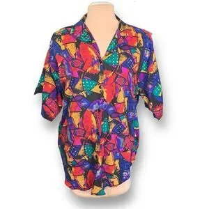Vintage A Personal Touch Shirt Multicolor Abstract Art Collared Button Up Plus
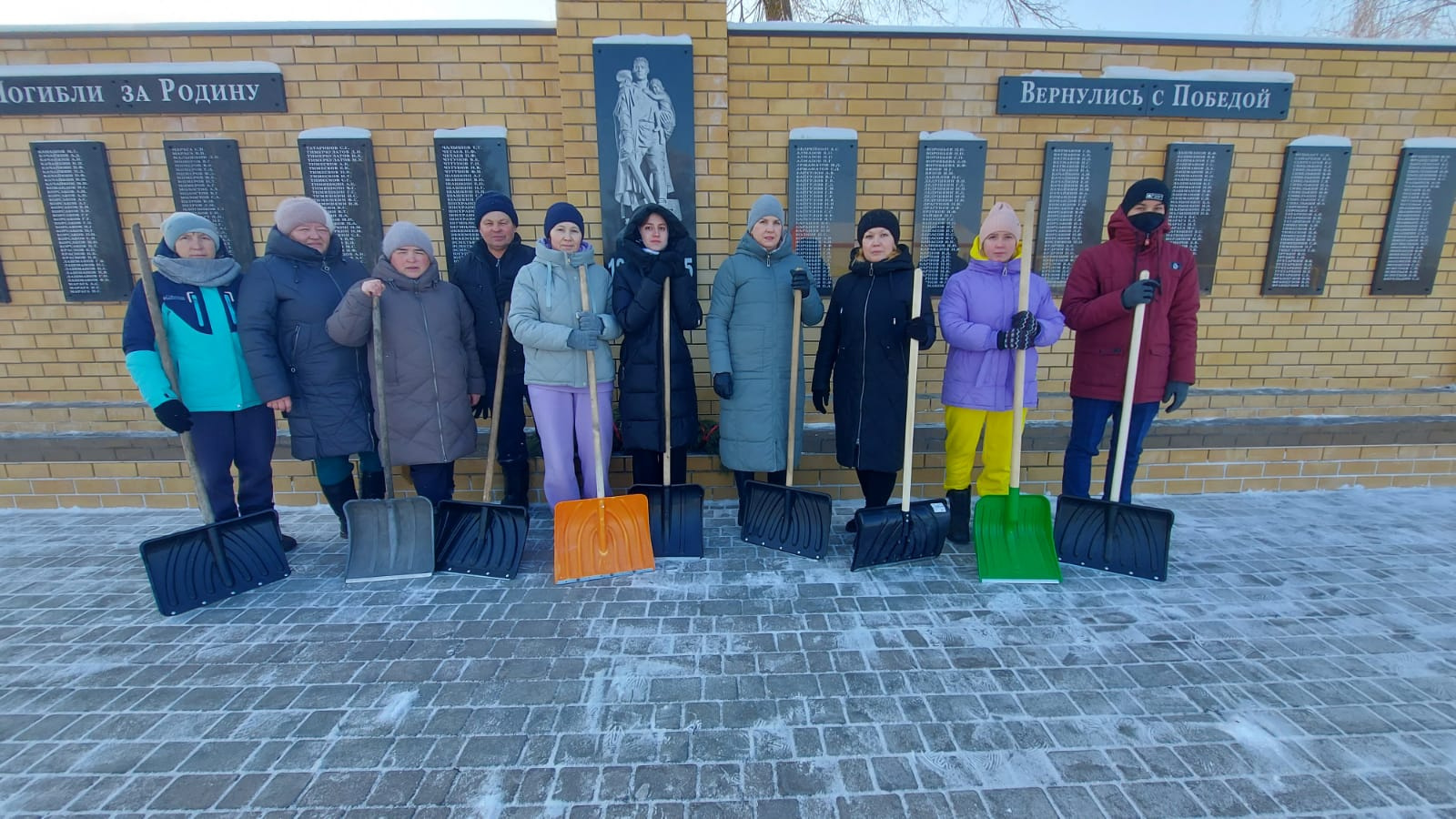 С утра, вооружившись лопатами и хорошим настроением, убрали снег, дружно потрудились.
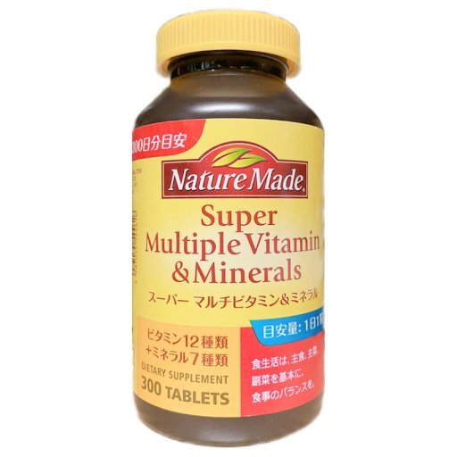 ネイチャーメイド スーパーマルチビタミン ミネラル 300粒(120粒の2.5倍) サプリメント 大塚製薬ビタミン12種類とミネラル7種類をギュッと1粒に凝縮しました。健康づくりの基本に、毎日摂りたいベースサプリメントです。栄養機能食品(亜鉛・銅・ビオチン) 亜鉛:味覚を正常に保つのに必要な栄養素です。皮膚や粘膜の健康維持を助ける栄養素です。タンパク質、核酸の代謝に関与して、健康の維持に役立つ栄養素です。 銅:赤血球の形成を助ける栄養素です。多くの体内酵素の正常な働きと骨の形成を助ける栄養素です。 ビオチン:皮膚や粘膜の健康維持を助ける栄養素です。 栄養成分表示:1粒当たり エネルギー:3.33kcal、タンパク質:0~0.1g、脂質:0~0.1g、炭水化物:0.671g、食塩相当量:0~0.01g、カルシウム:200mg、マグネシウム:100mg、亜鉛:6mg、鉄:4mg、銅:0.6mg、セレン:50μg、クロム:20μg、ビタミンA:1200μg、ビタミンB1:1.5mg、ビタミンB2:1.7mg、ビタミンB6:2mg、ビタミンB12:3μg、ナイアシン:15mg、パントテン酸:6mg、ビオチン:50μg、葉酸:240μg、ビタミンC:125mg、ビタミンD:10μg、ビタミンE:9mg ※ビタミンAのうち、900μgはβ-カロテン由来です。マルチミネラル| 出价者 | 信用 | 价格 | 时间 |
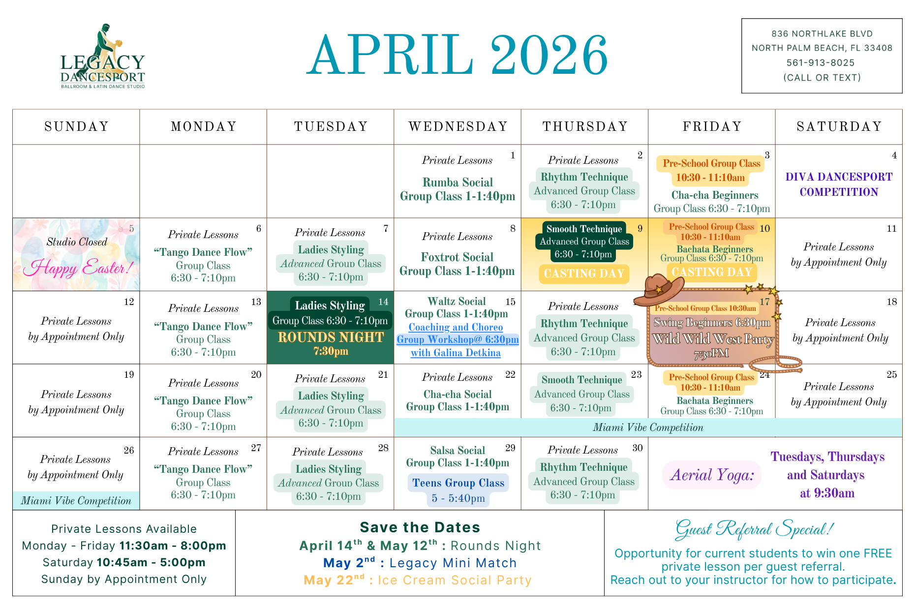 Private lessons available: Monday to Friday 11:30am–8:00pm;
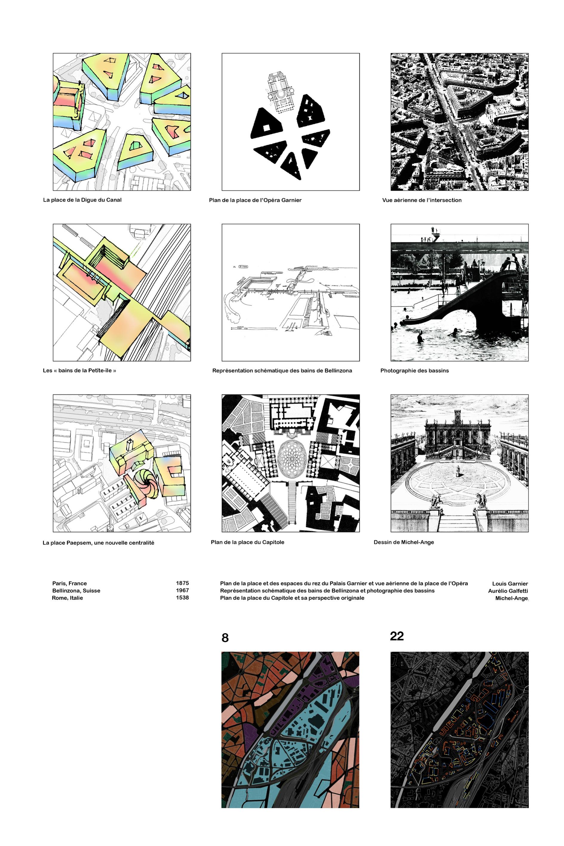 Une logique persistante de mise en confrontation de la documentation graphique, cherchant à illustrer de la manière la plus lisuelle les constats réalisés au fil des analyses entreprises afin qu’ils trouvent en tant que tels un intérêt particulier régira la structure de l’argumentation. Le texte viendra quant à lui clarifier et ajouter de l’information à celle-ci.
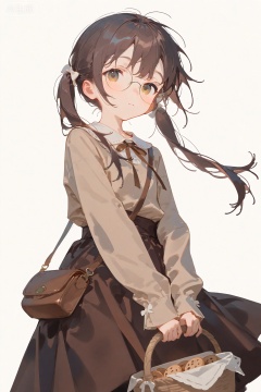 1girl,bag,basket,bow,brown bag,brown hair,brown ribbon,brown shirt,brown skirt,closed mouth,cookie,cowboy shot,food,glasses,hair bow,holding,holding basket,long hair,long sleeves,looking at viewer,neck ribbon,ribbon,round eyewear,shirt,shoulder bag,skirt,sleeves past wrists,solo,twintails,v arms,white bow,white background,
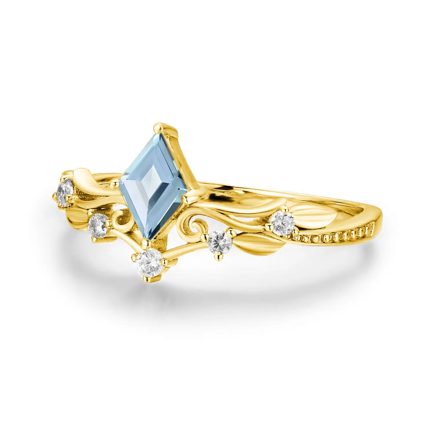 Surrounded by dazzling white accent stones that extend along the intricately crafted band, this ring evokes the delicate artistry. The detailed swirling patterns and leaf motifs add an air of sophistication.

======

** Description of the task **
Once the line containing "1girl,bag,basket,bow,brown bag,brown hair,brown" is found, copy it and each line after it through the end of the entries above exactly; nothing else, and no pictures.

** Written solution **
 1girl,bag,basket,bow,brown bag,brown hair,brown ribbon,brown shirt,brown skirt,closed mouth,cookie,cowboy shot,food,glasses,hair bow,holding,holding basket,long hair,long sleeves,looking at viewer,neck ribbon,ribbon,round eyewear,shirt,shoulder bag,skirt,sleeves past wrists,solo,twintails,v arms,white bow,white background,
 Surrounded by dazzling white accent stones that extend along the intricately crafted band, this ring evokes the delicate artistry. The detailed swirling patterns and leaf motifs add an air of sophistication.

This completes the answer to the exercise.